The words struck Ordeen, standing there, nodding and listening, in his white wifebeater shirt and low-hanging jean shorts. His braided hair looking wild and unkempt as a lion’s mane. All of sudden, he started to shake his head and burst out laughing. He wasn’t faking it, laughing so hard he dropped his hands to his knees like he’d just finished up a long series of wind sprints. “Like I said,” Ordeen said, “bull-fucking-shit. Ain’t nobody can take down Bud Mills. He’s bigger than any law or politician in Jericho.”

“Did Nito ever tell you about him and Coach?”

“He told me enough.”

“I mean, when he was a kid,” Quinn said. “Did he ever talk about being with Coach while his momma was out working late, getting arrested for drugs and hooking? I found an old report from my uncle that said his mother believed Nito had been molested. But nobody took her seriously.”

“I ain’t getting into this mess,” Ordeen said. “I’m done. I’m done with all this shit. I don’t trust you.”

“Why not?”

“Because you the same as everybody else,” he said. “Your uncle kilt Nito’s father and you kilt Nito. And now you ain’t gonna rest till I’m dead, too.”

“No,” Quinn said. “I need you to stand up.”

“‘Stand up’?” Ordeen said, laughing again. “Bullshit, man. Bullshit.”

“Bud Mills raped children,” Quinn said. “He raped Nito and he raped Milly Jones’s little brother and probably a hell of a lot more boys. I think you heard something from Nito after he got pulled into this mess. I think you need to quit hangdogging it and feeling sorry for yourself and stand up and act like a man.”

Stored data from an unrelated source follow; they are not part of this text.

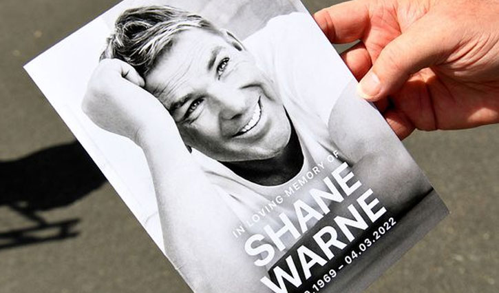 ওয়ার্নের কফিনে বাঁধা ছিল তার প্রিয় ক্লাব সেন্ট কিলডা সেইন্টসের স্কার্ফ। ছেলে জ্যাকসন, ওয়ার্নের ভাই জ্যাসন ও আরো কয়েকজন কাঁধে বহন করছিলেন স্পিন জাদুকরের কফিন।
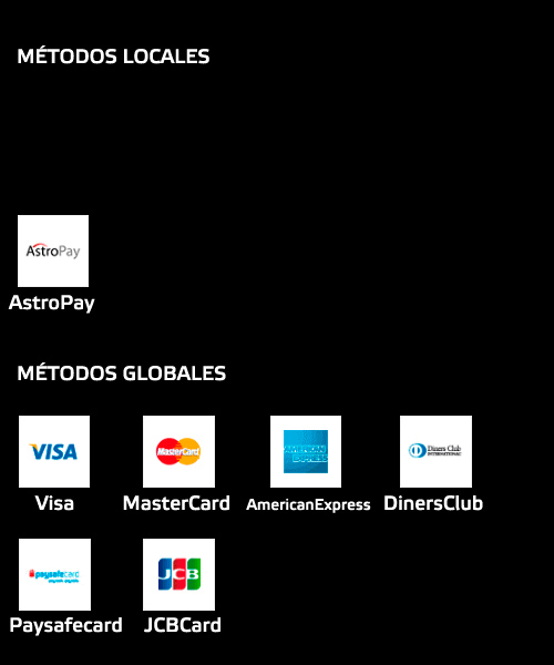 Además de poder asociar las tarjetas de crédito y débito más reconocidas (MasterCard, VISA, AmericanExpress y Diners Club), dispones de varios métodos de pago nacionales. Simplemente tienes que acercarte al local de tu preferencia y seguir los pasos para acreditar el monto en tu cuenta de Neteller o Skrill.
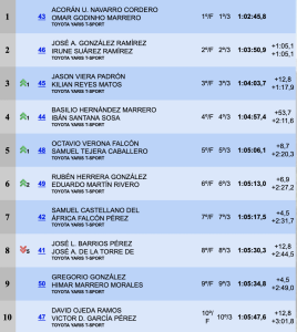 Clasificación del 17° Trofeo ENMA 2RM Servicios después de la celebración del 63 Rallye Isla de Gran Canaria
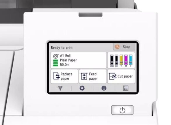 Design funzionale con pannello touch screen sulla stampante che visualizza istruzioni intuitive e informazioni importanti come il tipo di supporto, la quantità di supporto e l'inchiostro rimanente. Il rotolo di carta può essere sostituito con facilità attraverso il coperchio piatto.
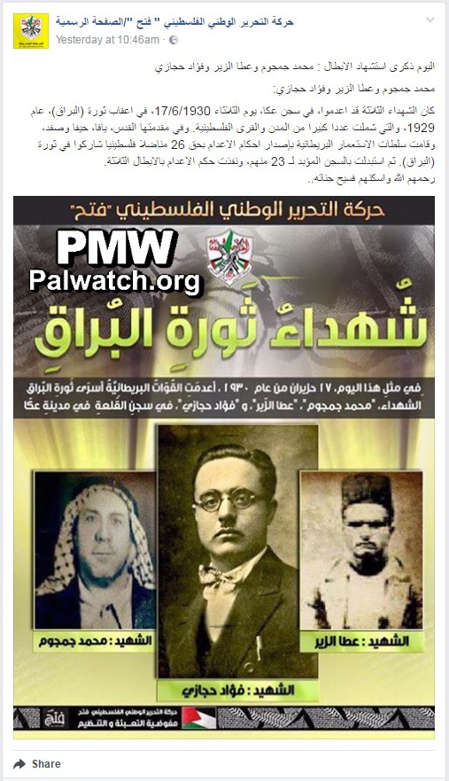 Fatah: 3 murderers of Jews in 1929 Hebron riots are “heroes”
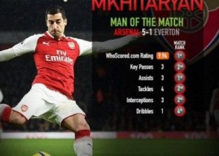 Հայաստանի ազգային հավաքականի և «Արսենալի» կիսապաշտպան Հենրիխ Մխիթարյանը հեղինակավոր «WhoScored» կայքի վարկածով ճանաչվել է ԱՊԼ-ի 26-րդ տուրի` «Էվերթոնի» հետ խաղի լավագույն ֆուտբոլիստը:
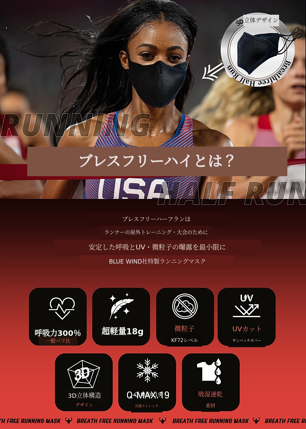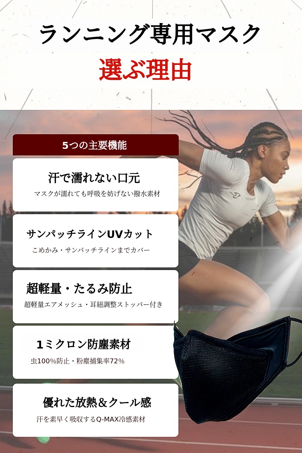 ランナーの息苦しさなしでUVと微細粉塵 を遮断
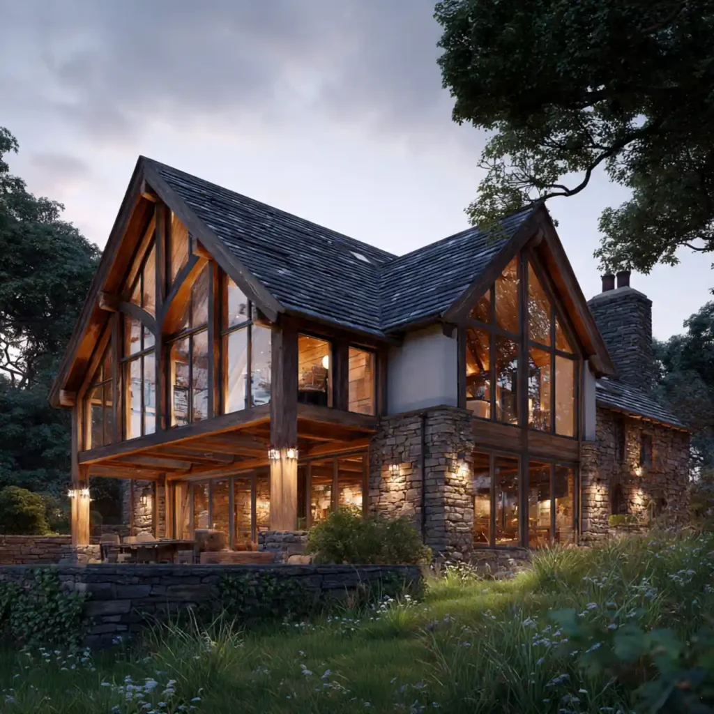 A timber frame structure combined with stone walls creates a classic architectural look. The wooden beams become a beautiful visual feature. Stone panels add durability and texture to the exterior. Large glass openings brighten the interior spaces. This design feels traditional yet luxurious.
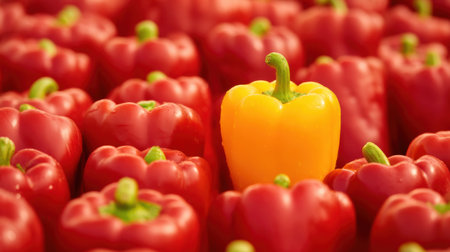 A striking image of a yellow pepper standing out amid an array of red peppers, showcasing the vibrant colors and freshness typical of a market display.
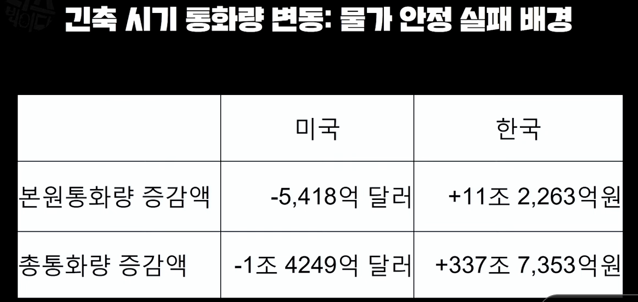 최 교수님 주장에서 제가 분명하게 '아하'할 수 있던 장면은 금리를 올리고 있는 미국과 우리의 통화량 증감을 비교한 표입니다. 이 표야 말로 사태의 저변에 있는 정책적 실패를 보여줄 수 있는 확실한 팩트가 아닌가 싶었습니다.
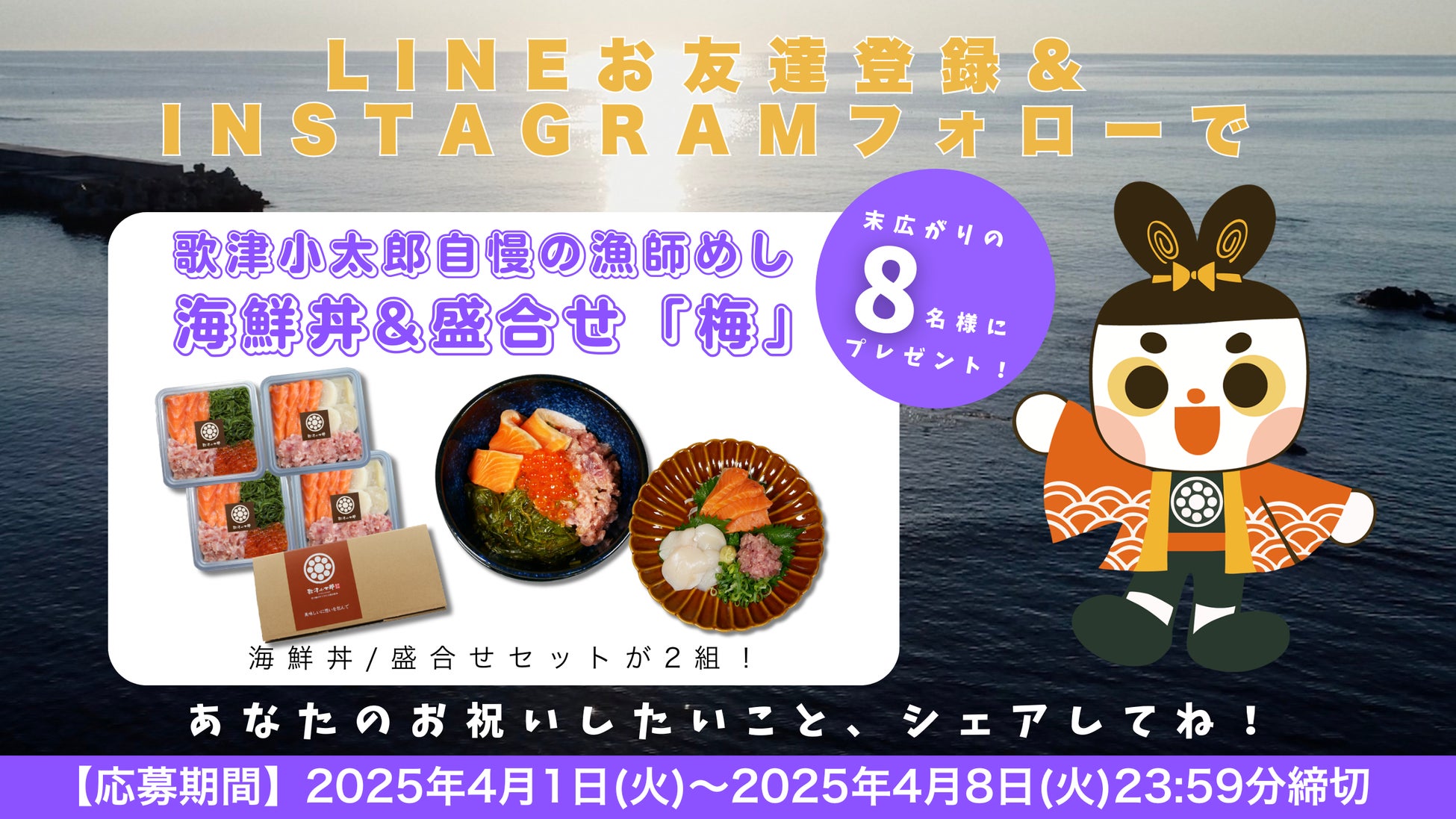 登録・フォロー&シェアしてくれた方に抽選で、末広がりの八名様に歌津小太郎自慢の漁師めし海鮮丼&盛合せ「梅」ギフトセットをプレゼント!

“Just like Coach,” Ordeen said. “You sound just like Coach.”

“Why would you want to stick with him?” Quinn asked. “After what he did to Nito? Why don’t you go ahead and let everyone keep believing Coach Bud Mills shined the light on the black drug dealer who raped and murdered an angel?”

“Fuck you, man.”

“Listen up, man,” Quinn said. “I never liked Mills. He was a bully and a walking freak show. But I need you to stand up. What we got isn’t strong enough.”

“What you got?”

“An old phone and the word of a dead kid.”

Ordeen walked back over to the spigot and turned on the water, rinsing off his dead friend’s ride, taking slow, special care on the hood and windows, sluicing with soapy water. He kept shaking his head, muttering to himself. “Ain’t gonna happen.”

“Why’s that?”

“You send Coach Mills to prison and then folks around here gonna have to start looking at themselves. Since when has that shit ever happened? Even a goddamn tornado and the hand of God on this county couldn’t rattle that cage.”

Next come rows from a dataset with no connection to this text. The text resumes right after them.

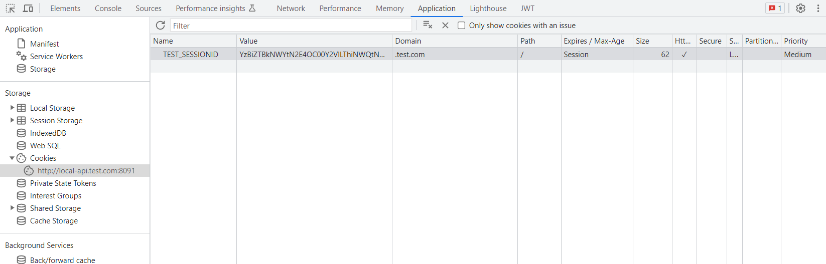 브라우저의 Cookie 결과를 보면 설정한대로 Cookie 속성이 설정되어 있음을 볼 수 있다.
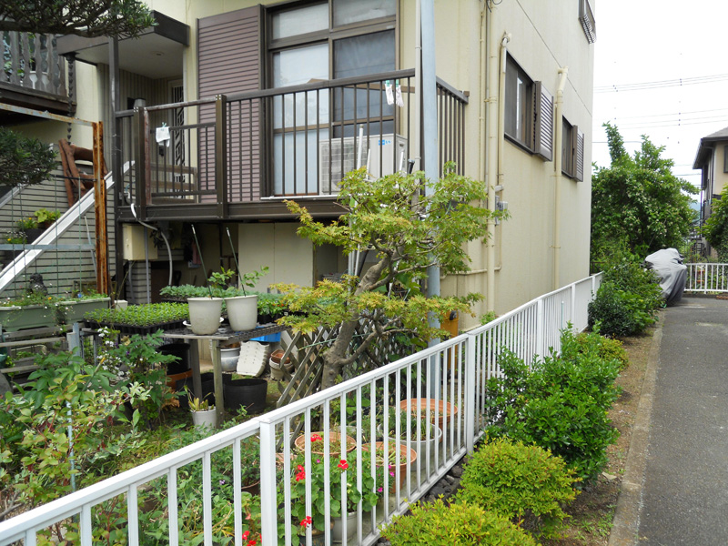 作業前、2本立ちの幹の一本が枯れています。伸びた枝がフェンスを越えてしまっています。枯れ枝も多くみられます。
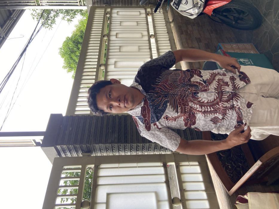 - "A man in a printed shirt and light-colored pants stands in front of a white gate and a stone pillar" by FM-htxI33, licensed under CC BY 4.0
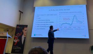 Les courbes projetées à l’écran montrent la baisse déjà engagée des taux directeurs mondiaux. La « global policy rate » glisse de 4,5 % vers 3,5 %, et devrait poursuivre sa décrue. En zone euro, les taux ont déjà été ramenés autour de 2 %, loin des 4 % atteints quelques trimestres plus tôt.
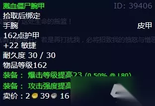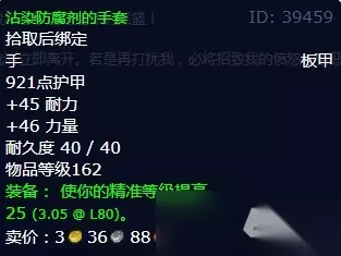 描述 这一切本不该发生的。亡灵大军如风暴般席卷了这处生命的摇篮! 如果你的来意不是铲除巫妖王的爪牙,就请立即离开。若是再打扰我,必将招致我的愤怒与憎恶。 任务奖励 净化尸体束带、溅血僵尸腕甲、骷髅践踏者、沾染防腐剂的手套,四选一

“Help us out, Ordeen,” Quinn said. “Putting a
Fly High
sticker on that old Nova won’t do shit for Nito.”

Ordeen stared at him for a long while. Then he nodded.

•   •   •

J
ason Colson met Bentley at a cigar lounge down in Jackson after the kid stopped returning his phone calls and emails. Bentley swore nothing was a-matter, he’d been doing a lot of work for his father and for a Washington lobbyist who’d given him an internship straight out of Ole Miss. Jason walked into the smoke-filled room lined with brown leather couches, easy chairs, and framed prints of women with big jugs in seductive poses with cigars between their teeth, thinking this was going to be it. He could finally seal the damn deal and hustle on back to Jericho to get on the bulldozer, clear the lands, and plan on that big beautiful barn that would sit on top of that stark, naked hill.

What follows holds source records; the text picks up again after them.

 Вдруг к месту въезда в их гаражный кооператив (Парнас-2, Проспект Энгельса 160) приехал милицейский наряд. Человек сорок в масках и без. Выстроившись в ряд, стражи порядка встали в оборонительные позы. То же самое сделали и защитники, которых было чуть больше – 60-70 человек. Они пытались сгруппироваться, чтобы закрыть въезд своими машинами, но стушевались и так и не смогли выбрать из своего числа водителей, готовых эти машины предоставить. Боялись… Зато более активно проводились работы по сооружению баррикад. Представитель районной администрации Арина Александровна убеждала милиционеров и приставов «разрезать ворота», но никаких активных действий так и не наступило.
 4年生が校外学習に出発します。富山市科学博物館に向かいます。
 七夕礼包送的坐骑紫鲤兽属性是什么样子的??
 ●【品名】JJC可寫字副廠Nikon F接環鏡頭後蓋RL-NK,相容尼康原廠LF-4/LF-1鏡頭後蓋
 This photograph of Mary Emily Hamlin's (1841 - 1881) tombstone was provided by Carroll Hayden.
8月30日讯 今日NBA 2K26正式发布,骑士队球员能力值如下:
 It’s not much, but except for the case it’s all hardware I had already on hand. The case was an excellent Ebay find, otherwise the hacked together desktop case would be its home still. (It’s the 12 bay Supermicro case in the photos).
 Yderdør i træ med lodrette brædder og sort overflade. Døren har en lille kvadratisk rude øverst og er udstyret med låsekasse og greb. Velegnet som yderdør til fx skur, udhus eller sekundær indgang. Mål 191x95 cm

The kid offered him some twenty-three-year-old Pappy Van Winkle that had been a personal gift from the governor. But Jason refused, telling him that it had been a while since he drank but he had no trouble
being around it. “I ain’t no Seventh-day Adventist,” Jason said, clutching an accordion binder under his arm, pearl Stetson down in his eyes. “I just have too many miles on my liver and don’t have the time nor inclination for it to expire.”